**Exercise details**
Restate word for word the lines below from the one that has "باطری اصلی تبلت" through the one that has "Lindo sobrado, com", keeping both and dropping all pictures.

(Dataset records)

————

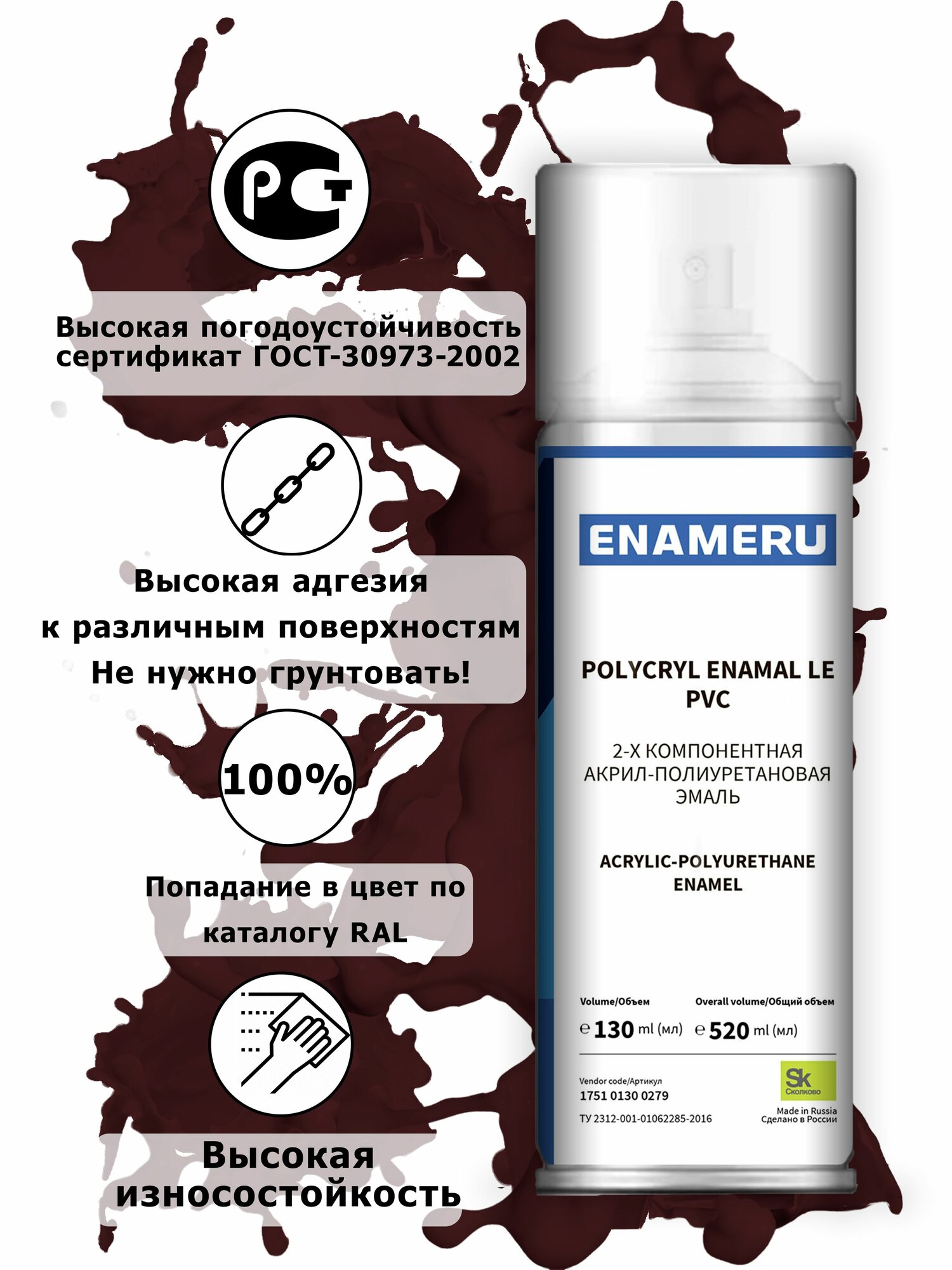 Структурная краска для ПВХ, пластика, окон Энамеру, Быстросохнущая, Акрил-полиуретановая, Полуматовая, 0.52 л, Красно-коричневый RAL 8012
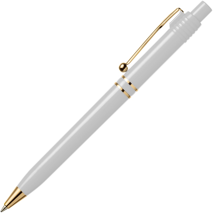Penna med guldkrom med ett lite annorlunda klips. Bläcket är dokumentäkta i enlighet med ISO 12757-2. Pennan är tillverkad i Europa.
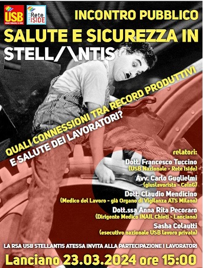 Oggi pomeriggio, presso la Sala convegni "B. Lanci" - Sala di Conversazione a Lanciano (Palazzo comunale) dalle ore 15:00, l'USB organizza un incontro pubblico sul tema della salute e sicurezza in Stellantis.
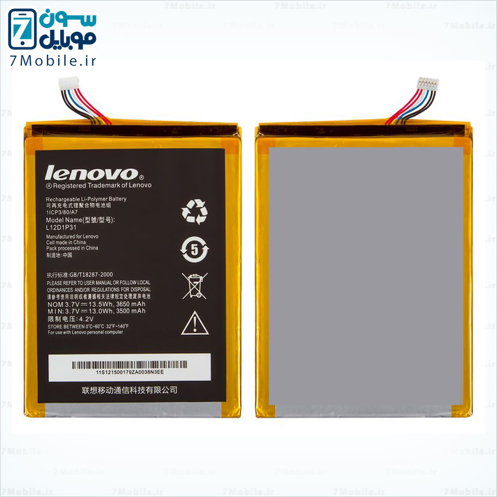 باطری اصلی تبلت لنوو Lenovo A3000 با 6 ماه گارانتی  که مدل آن L12D1P31 می باشد. این باطری با ظرفیت 3650 میلی آمپری از نوع Li-ion با ولتاژ 3.8 ولت می باشد که دارای گارانتی تعویض نیز است.
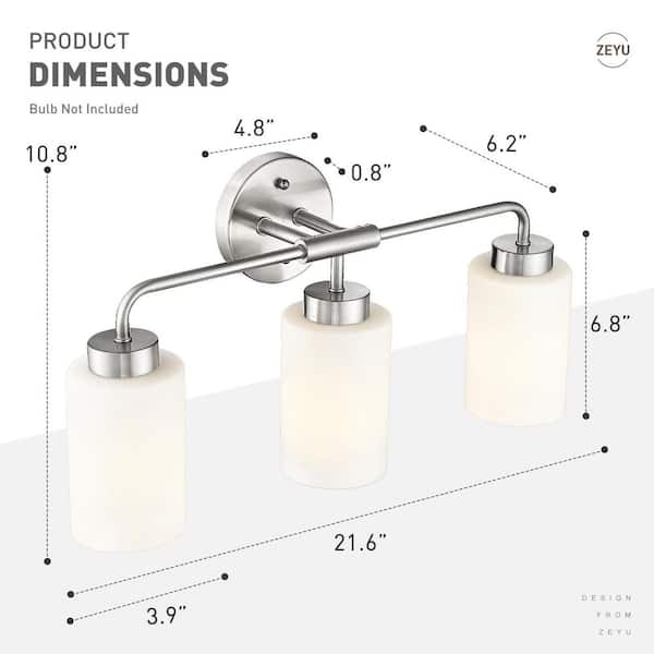 21.6 in. 3 Light Brushed Nickel Vanity Light with Clear Glass Shade
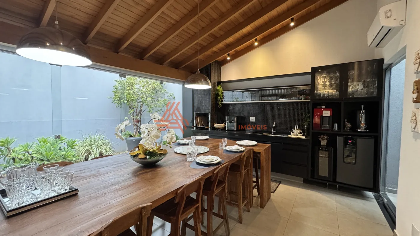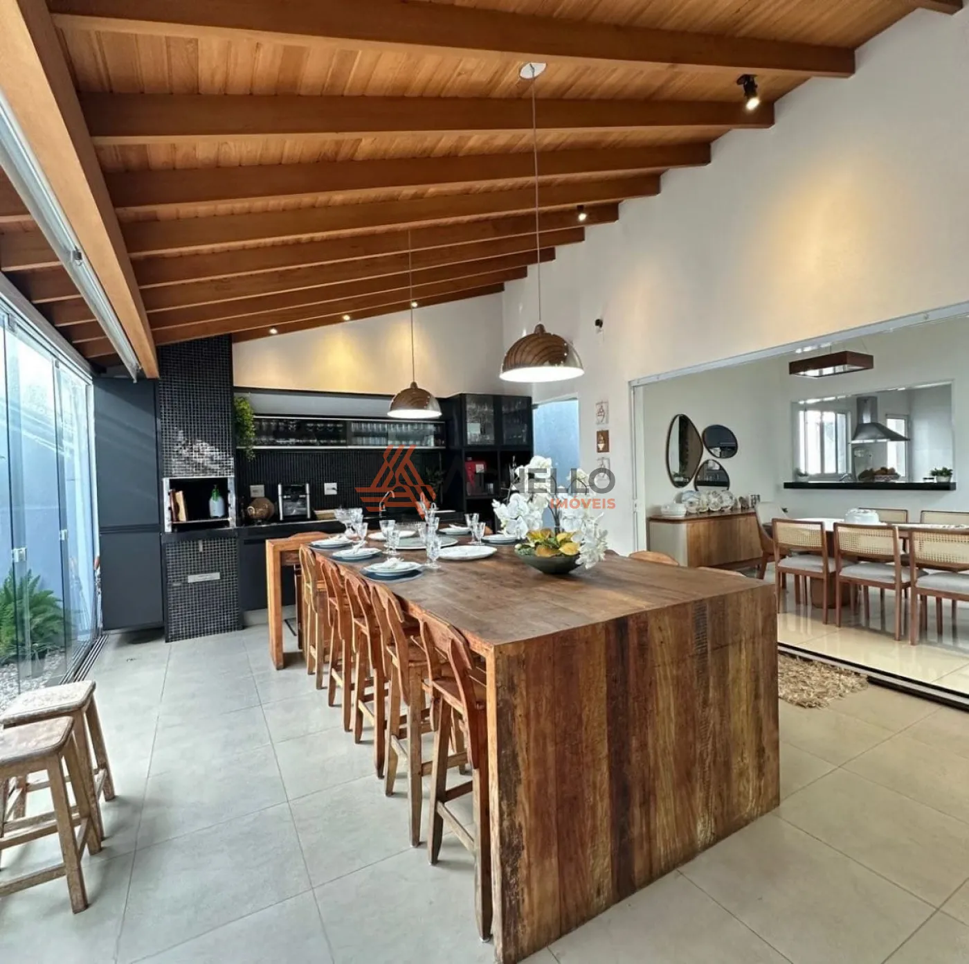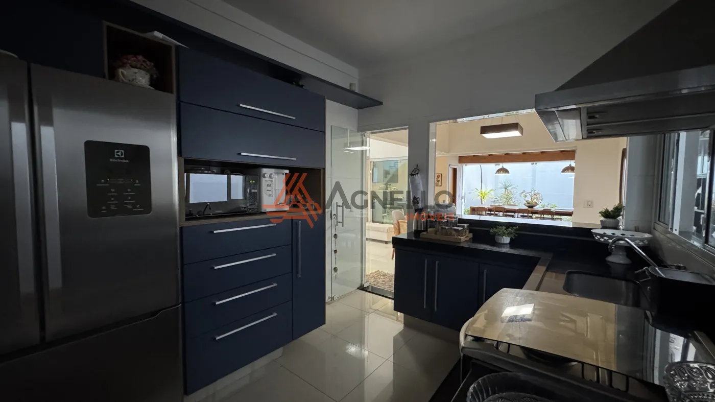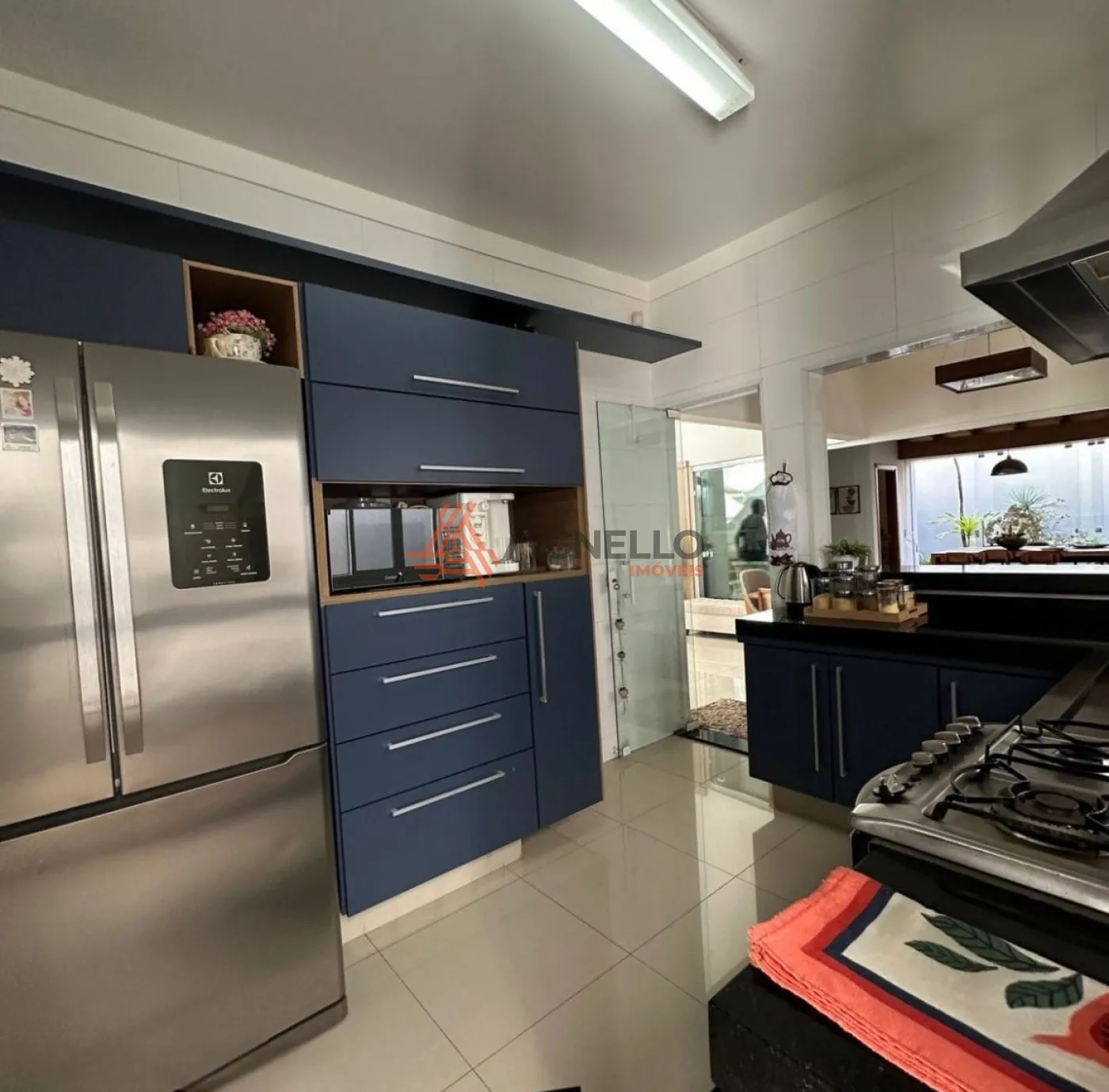 Lindo sobrado, com fino acabamento, possuindo 3 suítes, sala de jantar e TV, cozinha com armários, lavabo, amplo espaço gourmet com churrasqueira, jardim e 4 vagas de garagem, sendo 2 cobertas.
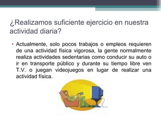 El documento describe los beneficios del ejercicio físico regular para la salud, como controlar el peso, prevenir enfermedades y mejorar el estado de ánimo. Recomienda realizar de 30 a 60 minutos de actividad aeróbica de intensidad moderada varios días a la semana, así como ejercicios de resistencia 2 o 3 veces por semana. Además, ofrece consejos para incorporar el ejercicio como un hábito en la vida diaria y abordar posibles obstáculos como la falta de tiempo.
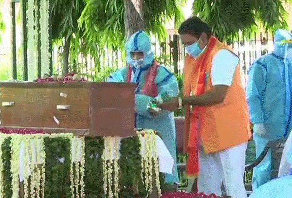ನವದೆಹಲಿ: ಕೊರೊನಾ ಮಾರ್ಗಸೂಚಿಯನ್ನುಅನುಸರಿಸಿ ಮಾಜಿ ರಾಷ್ಟ್ರಪತಿ ಪ್ರಣಬ್ ಮುಖರ್ಜಿ ಅವರನ್ನು ಮಂಗಳವಾರ (ಸೆಪ್ಟೆಂಬರ್ 1) ಮಧ್ಯಾಹ್ನ ಲೋಧಿ ರಸ್ತೆ ವಿದ್ಯುತ್ ಶವಾಗಾರದಲ್ಲಿ ಪೂರ್ಣ ಗೌರವಗಳೊಂದಿಗೆ ಅಂತ್ಯಕ್ರಿಯೆ ಮಾಡಲಾಯಿತು. ಅವರ ಮಗ ಅಭಿಜಿತ್ ಮುಖರ್ಜಿ ಅವರು ಲೋಧಿ ರಸ್ತೆ ಶವಾಗಾರದಲ್ಲಿ ತಮ್ಮ ಅಂತಿಮ ವಿಧಿಗಳನ್ನು ನೆರವೇರಿಸಿದರು.

————

**Your response**
 باطری اصلی تبلت لنوو Lenovo A3000 با 6 ماه گارانتی  که مدل آن L12D1P31 می باشد. این باطری با ظرفیت 3650 میلی آمپری از نوع Li-ion با ولتاژ 3.8 ولت می باشد که دارای گارانتی تعویض نیز است.
 21.6 in. 3 Light Brushed Nickel Vanity Light with Clear Glass Shade
 Lindo sobrado, com fino acabamento, possuindo 3 suítes, sala de jantar e TV, cozinha com armários, lavabo, amplo espaço gourmet com churrasqueira, jardim e 4 vagas de garagem, sendo 2 cobertas.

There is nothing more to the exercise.